→ WHAT YOU WILL DO: Transcribe, word for word and without additions, each line below from the one containing "Possible Reasons for" through the one containing "To co gra ostatnimi", both ends included.

→ AVAILABLE DATA:
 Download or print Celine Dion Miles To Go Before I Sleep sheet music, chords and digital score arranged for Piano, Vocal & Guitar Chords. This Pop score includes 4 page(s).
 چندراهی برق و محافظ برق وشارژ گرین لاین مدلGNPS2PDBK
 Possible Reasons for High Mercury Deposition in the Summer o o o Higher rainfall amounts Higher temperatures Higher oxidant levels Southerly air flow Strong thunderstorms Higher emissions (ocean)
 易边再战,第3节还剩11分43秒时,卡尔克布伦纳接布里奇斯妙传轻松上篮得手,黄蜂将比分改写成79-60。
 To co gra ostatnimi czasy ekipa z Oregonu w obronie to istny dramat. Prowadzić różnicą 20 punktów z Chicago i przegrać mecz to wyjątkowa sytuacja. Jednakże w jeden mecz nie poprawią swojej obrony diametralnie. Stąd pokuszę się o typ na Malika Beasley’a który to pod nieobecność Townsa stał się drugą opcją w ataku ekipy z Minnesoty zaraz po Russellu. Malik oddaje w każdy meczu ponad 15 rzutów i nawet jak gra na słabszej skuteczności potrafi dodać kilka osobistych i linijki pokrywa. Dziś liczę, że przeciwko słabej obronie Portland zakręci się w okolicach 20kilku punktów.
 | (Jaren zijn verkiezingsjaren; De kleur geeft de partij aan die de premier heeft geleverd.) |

--

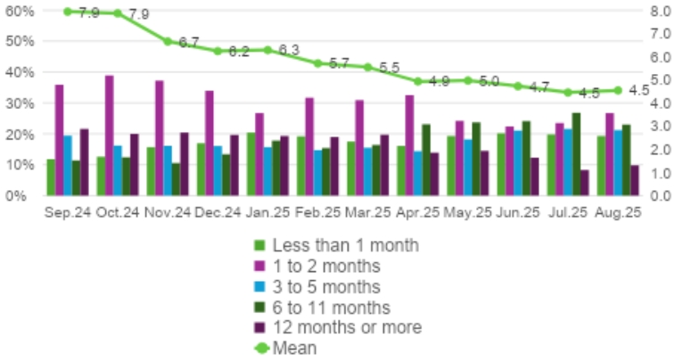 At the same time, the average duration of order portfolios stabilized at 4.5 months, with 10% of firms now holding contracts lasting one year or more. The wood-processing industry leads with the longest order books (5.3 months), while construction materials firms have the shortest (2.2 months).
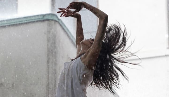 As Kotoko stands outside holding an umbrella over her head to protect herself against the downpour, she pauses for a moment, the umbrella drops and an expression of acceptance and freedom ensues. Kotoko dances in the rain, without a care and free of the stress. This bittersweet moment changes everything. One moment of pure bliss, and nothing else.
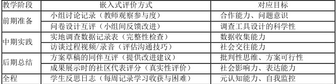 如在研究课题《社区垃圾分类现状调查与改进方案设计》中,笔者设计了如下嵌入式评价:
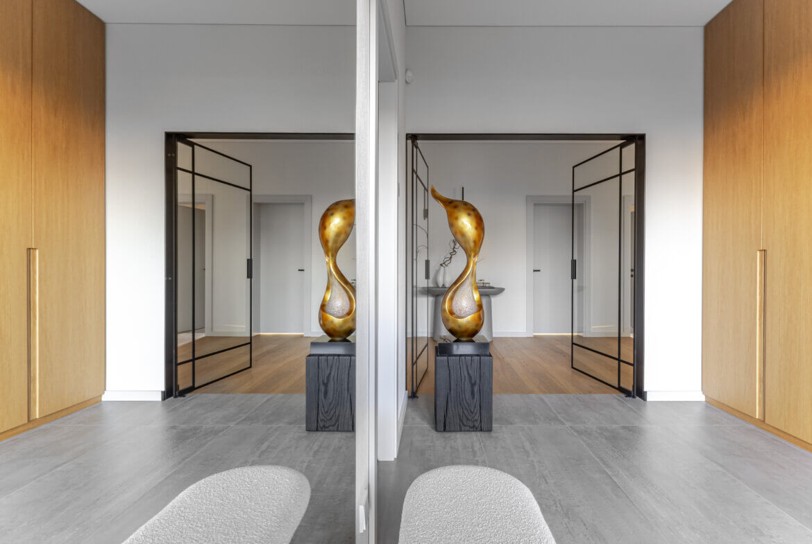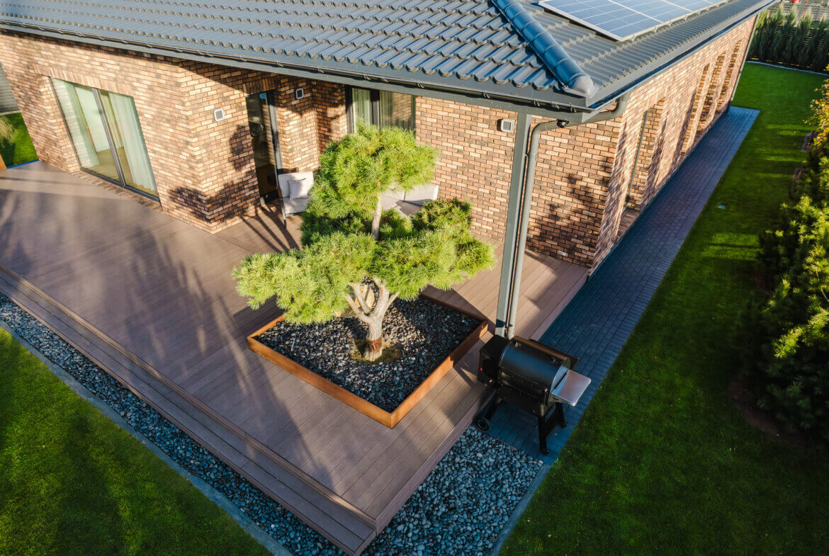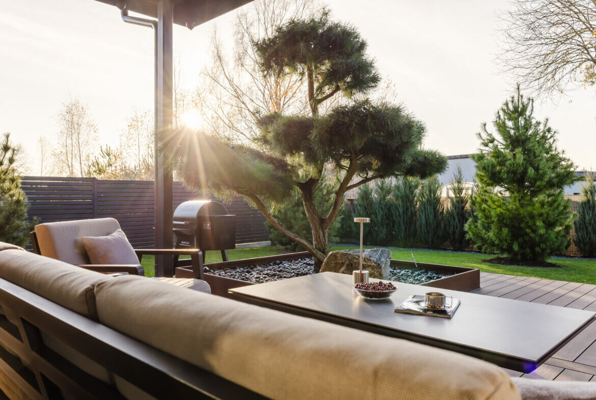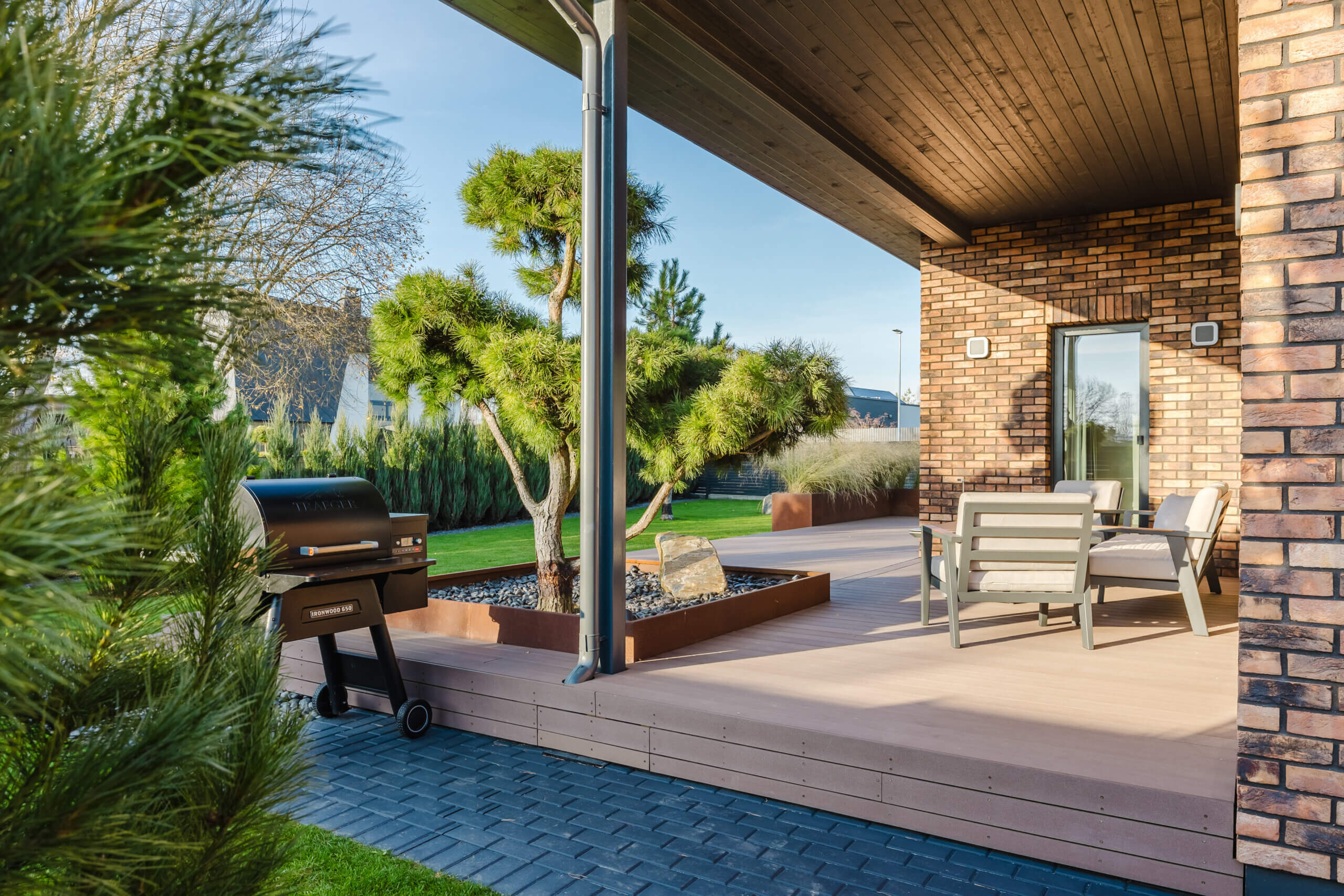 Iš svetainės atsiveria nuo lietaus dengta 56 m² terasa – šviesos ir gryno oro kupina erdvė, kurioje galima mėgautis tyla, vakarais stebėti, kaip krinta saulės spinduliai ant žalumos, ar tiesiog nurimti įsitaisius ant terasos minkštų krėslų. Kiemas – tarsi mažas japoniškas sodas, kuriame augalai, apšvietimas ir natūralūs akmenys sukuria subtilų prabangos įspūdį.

→ OUTPUT:
 Possible Reasons for High Mercury Deposition in the Summer o o o Higher rainfall amounts Higher temperatures Higher oxidant levels Southerly air flow Strong thunderstorms Higher emissions (ocean)
 易边再战,第3节还剩11分43秒时,卡尔克布伦纳接布里奇斯妙传轻松上篮得手,黄蜂将比分改写成79-60。
 To co gra ostatnimi czasy ekipa z Oregonu w obronie to istny dramat. Prowadzić różnicą 20 punktów z Chicago i przegrać mecz to wyjątkowa sytuacja. Jednakże w jeden mecz nie poprawią swojej obrony diametralnie. Stąd pokuszę się o typ na Malika Beasley’a który to pod nieobecność Townsa stał się drugą opcją w ataku ekipy z Minnesoty zaraz po Russellu. Malik oddaje w każdy meczu ponad 15 rzutów i nawet jak gra na słabszej skuteczności potrafi dodać kilka osobistych i linijki pokrywa. Dziś liczę, że przeciwko słabej obronie Portland zakręci się w okolicach 20kilku punktów.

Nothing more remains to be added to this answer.